官僚だって間違える~役人の無謬性を助長しているもの~
”官僚(役人)の無謬性”というフレーズがある。
ざっくり言うと、
行政の政策や決定で、外から見て、明らかにこれおかしくない!?ってことが起こっても、
いや、これは、元々こういう理由があるから、これでいいんです!自分達が間違えるわけないでしょう!
って間違いや失敗を認めないこと。
確かに、彼らが内部で意思決定する様子をみていると(全部ではないけど)これは、こうなったときに責任を問われるからやめよう、とか、
こうしておけば、後々どう転んでも言い訳が立つ、とか
いかに自分達が責任を回避するか、という点が物事の判断基準になっている。
もちろんそこに、国民とか住民のため、という視点はほとんどない。
条件反射で言い訳や、責任逃れのロジックを考えているようにさえ感じる。
こういうの見ていると、なんだかなーと思うのだけど、
そもそも何でそんな風になっちゃったの?
って考えてみると意外と問題は複雑だと思えてくる。
そもそもなぜ、そのような基準で判断するのか、ってことだけど、
端的に言うと「怒られるのが恐い」のだと思う。
最近は公務員、公的機関への風当たりも強く、何かあればすぐに叩かれる。
公共の利益を考えて意思決定を行っても、何か少し不備や問題があるとすぐ叩かれる。
そもそも今までやったことのないような斬新な取り組みほど、やってみなきゃわからない部分は大きく、全く問題がでないようにやるなんてほぼ不可能。

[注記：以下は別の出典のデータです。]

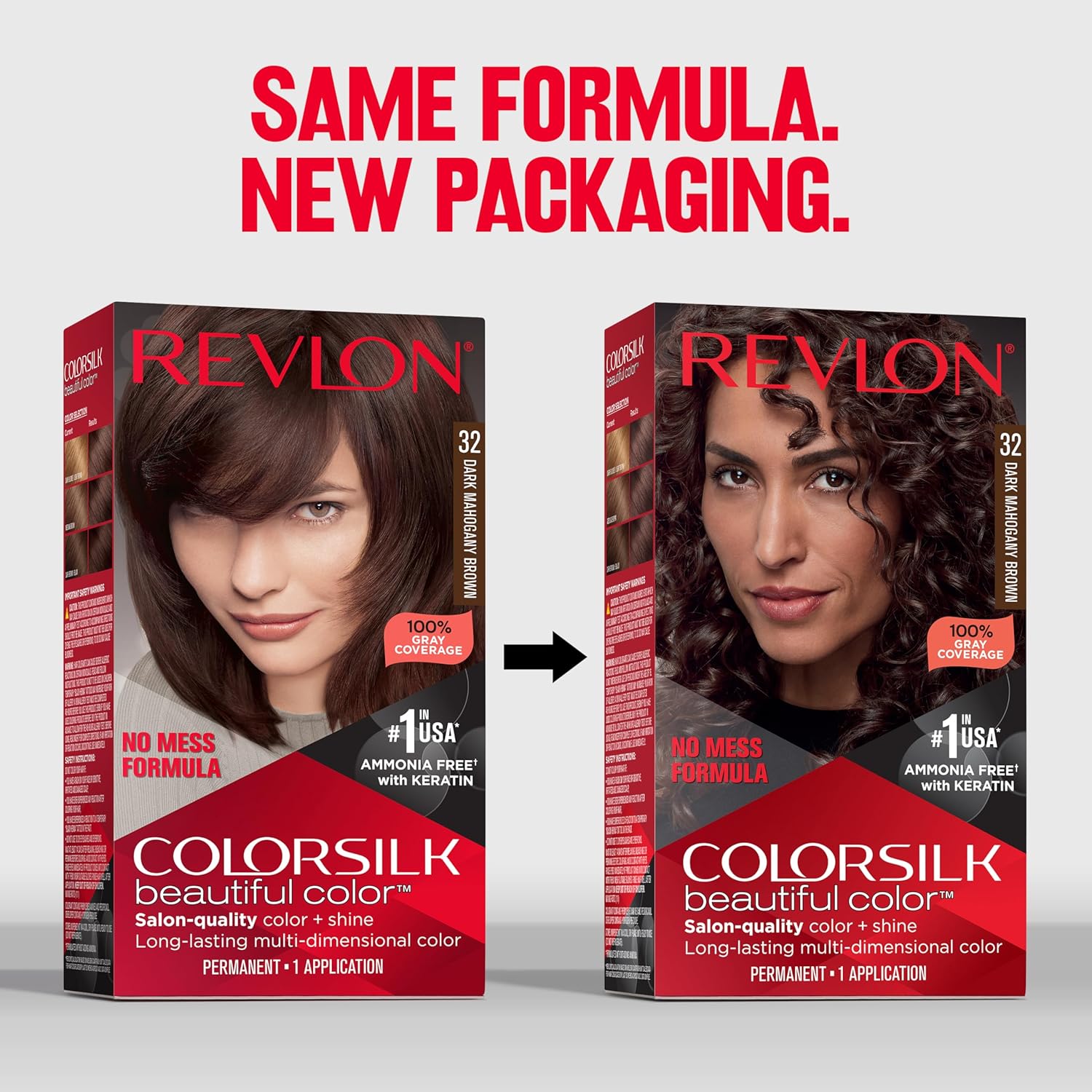 Revlon Colorsilk Beautiful Color Permanent Hair Color, Long-Lasting High-Definition Color, Shine & Silky Softness With 100% Gray Coverage, Ammonia Free, 32 Dark Mahogany Brown, 3 Pack

つまり、みんなのために良かれと思ってやったことでも、ことあるごとに、重箱の隅をつつかれたり、足を引っ張るような揚げ足とりをされたら、
じゃあ、新しいことなんてやめよ。
ってなるのも(それが正しいかは別として)理解できる。
逆にこれが、国や国民のため、新しいことにチャレンジして失敗したとき、
ああ、今回はダメだったけど頑張ったよね、とか
ここを改善すれば次はうまくいきそうだよね、とか
ある程度失敗を受け入れる雰囲気があれば、
(本当は失敗したけど)これはこれでいいんです!予定通りです!
じゃなくて、
力が及ばず申し訳ありませんでした!次はがんばります!
って具合に変わっていくと思う。
(いや、もちろんいい加減にやって、簡単に失敗しちゃいました~はダメだけど。。)
そのためには、メディアが、揚げ足取りばっかりするような報道姿勢をみなおして、
今回は失敗だったけど、これは意義のある取り組みだったとか、失敗して責任を取るリスクを負って頑張った役人がいるとか、
そういうスタンスの報道が増えるといいのにな、と思う。
とは言え、それは中々期待できないので、一個人ができることといえば、
1. 揚げ足取りや、足を引っ張るための批判記事はスルーする、とか、
2. 行政等の失敗が役人の怠慢なのか、ある程度仕方ない原因(不足の事態や、必要なリスクを受け入れた結果)によるものなのか、各自で調べて、報道を批判的な視点で見る、
あたりかな。
いずれにせよ、足を引っ張るような批判するばっかりではお互い身動きの取れない息苦しい世の中になってしまうので、批判は建設的で、前を向いたものでありたいと(自分への戒めもこめて)思う。
<2018年6月追記>
財務省の公文書改ざんは、役所として問題外だけど、やはり根底には間違いが許されなさすぎる文化がある気がする。もちろん批判はきっちりされるべきだけど、過剰なまでの責任追及やバッシングは、問題の隠蔽を助長しかねない。
今の何かちょっとしたことがあるたびに炎上する雰囲気とかも余計役人の隠蔽体質を助長してしまうと思う。